Exercise requirements - Using the listing below, copy exactly the lines from the one containing "Conciencia general. La" to the one containing "HANSAVANTIS STYLE als", both lines included, and no others.

Data for this exercise -
○ ○ ○ ○ ○ ○ ○
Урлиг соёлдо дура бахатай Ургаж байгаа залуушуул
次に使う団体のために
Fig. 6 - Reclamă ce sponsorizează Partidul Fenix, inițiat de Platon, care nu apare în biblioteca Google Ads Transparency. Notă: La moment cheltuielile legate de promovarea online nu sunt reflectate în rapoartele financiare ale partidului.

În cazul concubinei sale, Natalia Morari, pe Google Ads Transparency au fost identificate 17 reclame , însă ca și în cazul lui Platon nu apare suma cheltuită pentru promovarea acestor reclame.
○ ○ ○ ○ ○ ○ ○
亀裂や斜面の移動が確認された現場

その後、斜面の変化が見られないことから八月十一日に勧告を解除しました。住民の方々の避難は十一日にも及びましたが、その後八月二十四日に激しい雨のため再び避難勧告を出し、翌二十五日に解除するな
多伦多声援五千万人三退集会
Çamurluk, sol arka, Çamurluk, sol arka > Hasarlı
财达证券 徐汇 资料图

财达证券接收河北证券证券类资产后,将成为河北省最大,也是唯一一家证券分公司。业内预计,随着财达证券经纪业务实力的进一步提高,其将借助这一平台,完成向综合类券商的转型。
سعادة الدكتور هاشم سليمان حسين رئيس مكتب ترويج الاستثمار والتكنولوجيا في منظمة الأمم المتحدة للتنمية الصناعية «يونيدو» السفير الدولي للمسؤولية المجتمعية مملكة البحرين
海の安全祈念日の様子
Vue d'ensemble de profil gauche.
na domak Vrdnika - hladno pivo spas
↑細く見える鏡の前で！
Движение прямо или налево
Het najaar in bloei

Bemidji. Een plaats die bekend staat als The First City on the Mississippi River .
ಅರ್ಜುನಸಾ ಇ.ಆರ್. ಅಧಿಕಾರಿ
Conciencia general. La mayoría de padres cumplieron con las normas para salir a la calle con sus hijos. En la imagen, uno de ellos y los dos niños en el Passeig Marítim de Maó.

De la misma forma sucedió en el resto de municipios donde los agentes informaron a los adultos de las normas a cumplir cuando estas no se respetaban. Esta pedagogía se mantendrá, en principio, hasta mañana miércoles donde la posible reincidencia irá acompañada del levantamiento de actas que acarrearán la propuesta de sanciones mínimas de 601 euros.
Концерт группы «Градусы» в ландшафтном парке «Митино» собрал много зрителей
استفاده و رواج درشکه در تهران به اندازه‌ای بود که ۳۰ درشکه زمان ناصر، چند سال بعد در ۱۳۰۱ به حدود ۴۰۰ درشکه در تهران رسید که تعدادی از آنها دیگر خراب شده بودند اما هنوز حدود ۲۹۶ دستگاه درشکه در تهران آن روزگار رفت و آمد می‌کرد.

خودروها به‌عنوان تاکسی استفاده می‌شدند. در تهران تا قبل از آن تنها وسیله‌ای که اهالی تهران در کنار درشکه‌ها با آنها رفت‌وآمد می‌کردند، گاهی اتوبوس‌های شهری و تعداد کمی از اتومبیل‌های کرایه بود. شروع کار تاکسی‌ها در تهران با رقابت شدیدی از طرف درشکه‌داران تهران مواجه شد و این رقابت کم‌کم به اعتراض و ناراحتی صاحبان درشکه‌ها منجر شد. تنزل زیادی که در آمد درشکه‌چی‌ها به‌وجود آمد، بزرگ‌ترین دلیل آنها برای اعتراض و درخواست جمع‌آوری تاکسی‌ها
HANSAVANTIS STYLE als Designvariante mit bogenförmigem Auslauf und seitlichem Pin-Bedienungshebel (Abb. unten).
○ ○ ○ ○ ○ ○ ○
Response to this task -
Conciencia general. La mayoría de padres cumplieron con las normas para salir a la calle con sus hijos. En la imagen, uno de ellos y los dos niños en el Passeig Marítim de Maó.

De la misma forma sucedió en el resto de municipios donde los agentes informaron a los adultos de las normas a cumplir cuando estas no se respetaban. Esta pedagogía se mantendrá, en principio, hasta mañana miércoles donde la posible reincidencia irá acompañada del levantamiento de actas que acarrearán la propuesta de sanciones mínimas de 601 euros.
Концерт группы «Градусы» в ландшафтном парке «Митино» собрал много зрителей
استفاده و رواج درشکه در تهران به اندازه‌ای بود که ۳۰ درشکه زمان ناصر، چند سال بعد در ۱۳۰۱ به حدود ۴۰۰ درشکه در تهران رسید که تعدادی از آنها دیگر خراب شده بودند اما هنوز حدود ۲۹۶ دستگاه درشکه در تهران آن روزگار رفت و آمد می‌کرد.

خودروها به‌عنوان تاکسی استفاده می‌شدند. در تهران تا قبل از آن تنها وسیله‌ای که اهالی تهران در کنار درشکه‌ها با آنها رفت‌وآمد می‌کردند، گاهی اتوبوس‌های شهری و تعداد کمی از اتومبیل‌های کرایه بود. شروع کار تاکسی‌ها در تهران با رقابت شدیدی از طرف درشکه‌داران تهران مواجه شد و این رقابت کم‌کم به اعتراض و ناراحتی صاحبان درشکه‌ها منجر شد. تنزل زیادی که در آمد درشکه‌چی‌ها به‌وجود آمد، بزرگ‌ترین دلیل آنها برای اعتراض و درخواست جمع‌آوری تاکسی‌ها
HANSAVANTIS STYLE als Designvariante mit bogenförmigem Auslauf und seitlichem Pin-Bedienungshebel (Abb. unten).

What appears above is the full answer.